The women lament during a funeral song giving honor to the dead and those who grieve.

 

The mission of the Acoli Cultural Revival Organization (ACRO) is to repair the current condition of the Culture through community mobilization of elders, community leaders and young people to revive traditions, rituals, and the values passed on by traditional dance, music and storytelling.

 

This work has been going on for the past three years with a very concentrated effort over the past 14 months culminating in a two day Cultural Revival Gala/Exhibition in Padibe, Lamwo District.

The only other organized cultural revival in Northern Uganda has taken place in Gulu, a three hour drive away and a town most people in Lamwo District will never visit because of the distance and lack of transportation other than walking. What is happening in Padibe is very unique and special and we hope it will spread to other areas as well. With 32 GB of photos and video, only a small portion will be included here.

Each day began with the entrance of the Paramount Chief of the Acoli people as he is escorted by men in traditional costume of animal skins and a headband made of ostrich feathers. Although plentiful at one time, ostriches no longer exist in this area of Uganda due to the war during which all animals were killed. The feathers you see were shipped to them from the US.

The War Dance performed by the group from Paloga is a favorite of the crowd. This group has been well know throughout the district for its talented performance of the war dance. This is the first time they actually had the traditional costume to wear during the dance.

The Dingi Dingi dance by the group from Pangiera was phenomenal!

One of the local chiefs that attended the festival demonstrates for the crowd the proper way to hold an elephant spear and shield.
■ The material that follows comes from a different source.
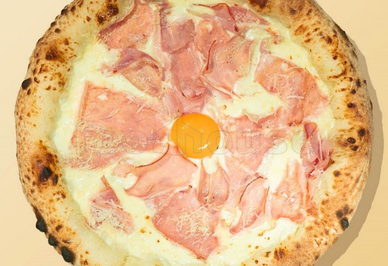 корж для пиццы, сливочный соус, сыр моцарелла, бекон, ветчина, чесночный соус, сыр пармезан, желток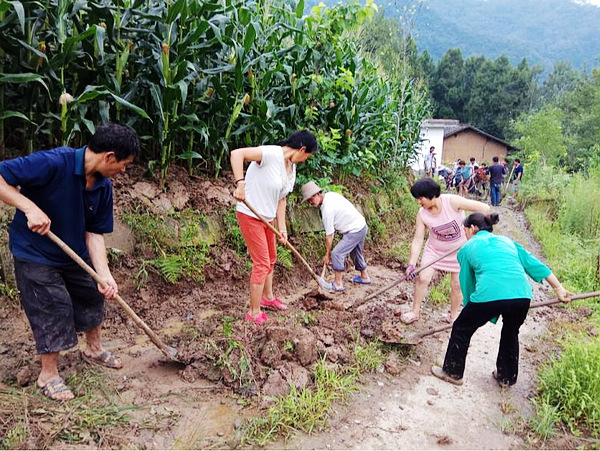 7月19日雨势稍停,该村立即召开党员干部会议,对道路恢复工作做出具体安排,并积极动员农户参与,确保道路恢复抢修工作进展顺利。针对张家沟组、唐家沟组4处塌方严重、方量大的路段,动用大型机械挖掘机进行抢修;对于水沟、路面滚石、污泥等,由党员及村组干部带动农户进行实地清理,确保受损道路尽早恢复通行。同时,该村还对道路安全隐患进行了一次详细排查,对存在安全隐患目前暂不能彻底排除的地段,设立了警示标志,保证群众出行安全。

The Larakaraka is a traditional courtship dance. A man will take a calabash gourd and place it on the head of the lady and she does a special dance just for him. If it all works out they will run off together and shortly thereafter the dowry negotiations will begin for the traditional marriage.

After the first day, Shawn and I were sitting outside enjoying a sip from the source of the Nile, and could hear music, drumming, and singing from the groups that had been trucked in for the event and housed in the area. They were celebrating the day’s success and getting ready for day two. We decided to take a walk in the dark and join in the revelry with them.

It was a fabulous day. What will tomorrow bring?!

1 comment to Acoli Cultural Revival Organization Post 19

  • Suzanne Osetek

    Great to watch. Thanks for posting this. I look forward to more. You must be proud, Rob. The nighttime post was barely visible, although I saw Shawn twice.